Many victims of Japan’s military conquest in WWII affected women. They were often abused, or even used as sex slaves. Every Wednesday, these women, known as “comfort women,” are congregating outside the embassy for Japan in Seoul, South Korea. They demonstrate courage and remembrance of the atrocities which occurred.
But after the devastating tsunami and earthquake crisis, these elderly women demonstrated something else: envelopes of cash, words of encouragement which they put into collection boxes. Even when we have been hurt, put down or unjustly treated, may we all have the courage to demonstrate kindness and compassion for those in the present day. These “comfort women” are showing their forgiveness and love during a time of need, and especially to a modern Japanese population, much of whom were not involved in the war, though their culture and history might have been.
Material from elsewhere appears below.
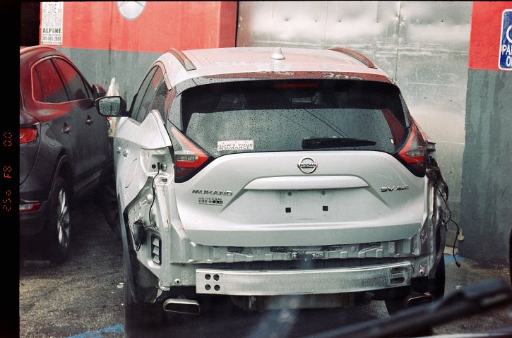 My Breaks Work Fine. How's your insurance? bumper stick on a wrecked Nissan Murano SV AWC photographed on the Nikon F80s with Kodak Vision3 250d movie film.

There are not many comfort women remaining, while more than 200,000 were thought to be victims in the 1940s and 50s. This small group is making a difference by turning anger into acceptance and care in the present day.
It’s so easy to simply put up a block against those we feel wronged us. What courage these women demonstrate to extend an olive branch after such an excruciating event in their lives. It gives me inspiration to look at my own life, and perhaps some of the injustices that I feel have occurred, and instead return calm, return kindness, return forgiveness, as I would wish to be forgiven.